Her expression faded, and she sadly shook her head. “Sorry. I never really looked at them.”
That would have been a bit of a long shot, he admitted. Nevertheless, the rest of story intrigued him.
He began to repeat his insistence that she not mention what they’d talked about to anyone when she squinted into the air as if trying to make out something not readily visible. “Wait a minute,” she said. “I do recall an interesting detail about those files. Never would never have remembered it if you hadn’t got me thinking. He asked for the charts the same way young Dr. Roper did this morning. Didn’t have the names, only the numbers. And something else similar. I remember having to fish one of them out of the DECEASED section back then, exactly like now.” She tapped her temple and gave him a knowing wink. “One alive. One already dead. Makes you wonder if I haven’t just given you those same two files, doesn’t it?”
He found a table off in a corner, opened the first volume, and began to read. The jumble of pipes running overhead groaned and clanked, exactly the way they had a quarter century ago, and the air ducts filled his ears with a rushing noise, making them seem plugged with water. He shivered, feeling as cut off and claustrophobic as when he’d been a student.
A particularly forlorn moan raced through the plumbing and traveled the length of the room.
Like an angry spirit, Earl thought.
That same day, 3:50 P.M.
Twenty Miles North of
Hampton Junction
“A woman having to give up her baby, now that’s a misery of the worst kind,” Nell said, grimacing as if she’d just tasted something sour. The lines ringing her face deepened into a map of disgust. “All those girls up there, shamed into hiding, simply because they fell in love with the wrong man at the wrong time.”
“Did you know anybody who worked there?” Mark asked.
“Nobody who’s still alive. The heyday of the place was in the fifties, before the pill. You’d be surprised at the number of women who had to find so-called homes like that, or worse, deal with some butcher in a back room with a pair of knitting needles. Thank God the kids in the sixties freed sex from the prudes.”

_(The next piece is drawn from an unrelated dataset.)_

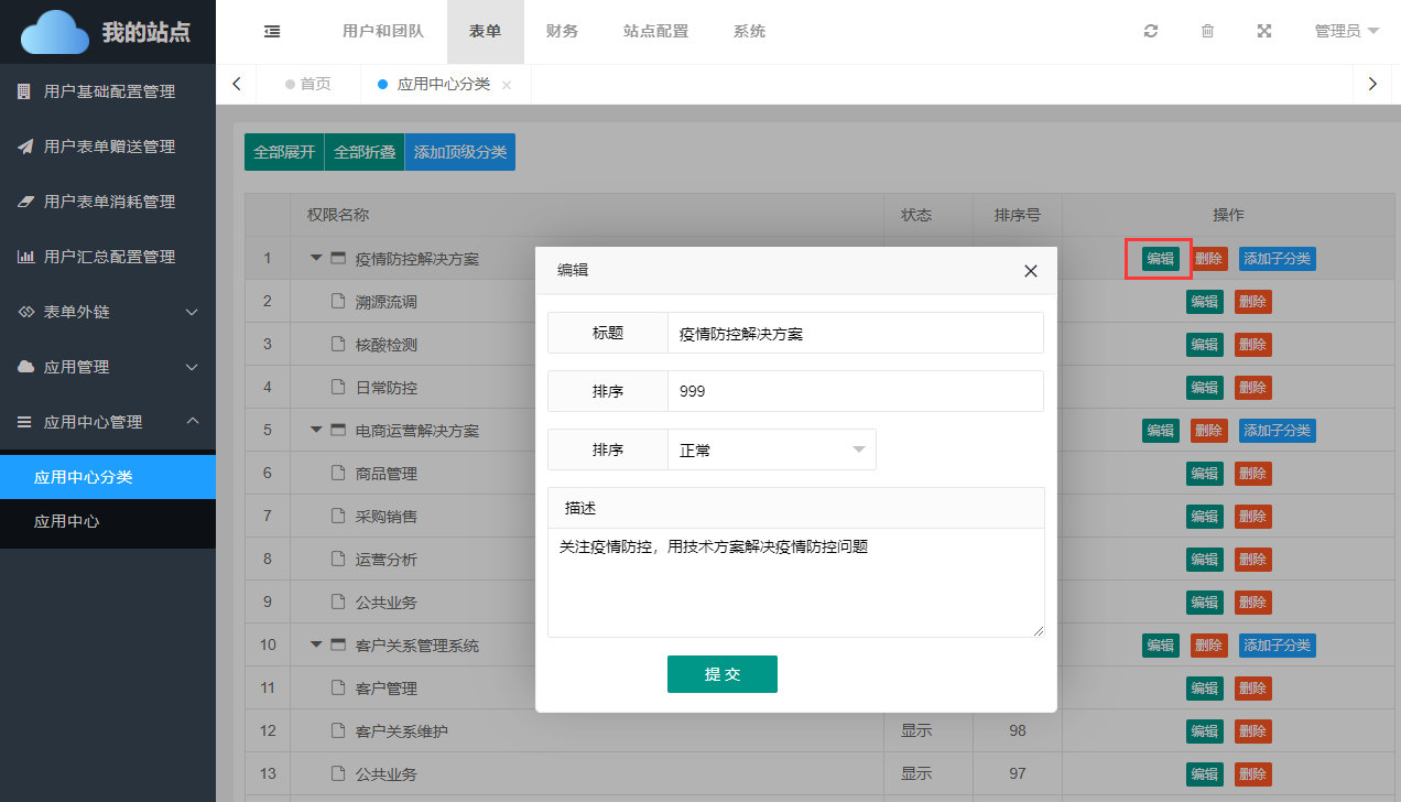 被添加的顶级分类和子分类都可以进行编辑操作,可编辑的信息和添加时一致。

He knew from experience that to get anything from Nell, he had to first let her ramble about whatever was on her mind – her way of downloading mentally to make room for whatever he had on his mind. As she talked, he idly gazed around the interior of her living room. The log walls were aged a deep brown, but she’d kept them polished to a rich luster with wood oils. Small windows, a necessity to keep out the cold in the era before thermal glass, prevented what little afternoon light remained from making its way inside. Yet the place wasn’t gloomy. A fire in the stone hearth at their feet provided its own special illumination, and oil lamps – tall, elegant, and bright enough to read by – filled the house with a golden glow. Not that the cabin didn’t have electricity. Her son put in recessed lighting along with baseboard heaters decades ago, yet she favored the softness of flame.
To his left a partially drawn curtain hung over the entrance to an adjacent room, where a brass bed covered with a handmade quilt – any antique dealer would kill for it – filled most of the space. Photos of her children and grandchildren adorned the walls. She’d positioned them so they kept watch on her while she slept. Off to one side a small extension housed a modest bathroom with an old-fashioned steel tub.
At his right a doorway opened into an equally tiny kitchen dominated by a magnificent woodstove. On it she’d prepared meals for her two children during the years she raised them alone, her husband having been killed in the Battle of the Bulge during the final months of World War II. Even now she preferred its steady heat for baking to the gas range that her daughter had had installed so she needn’t haul wood anymore.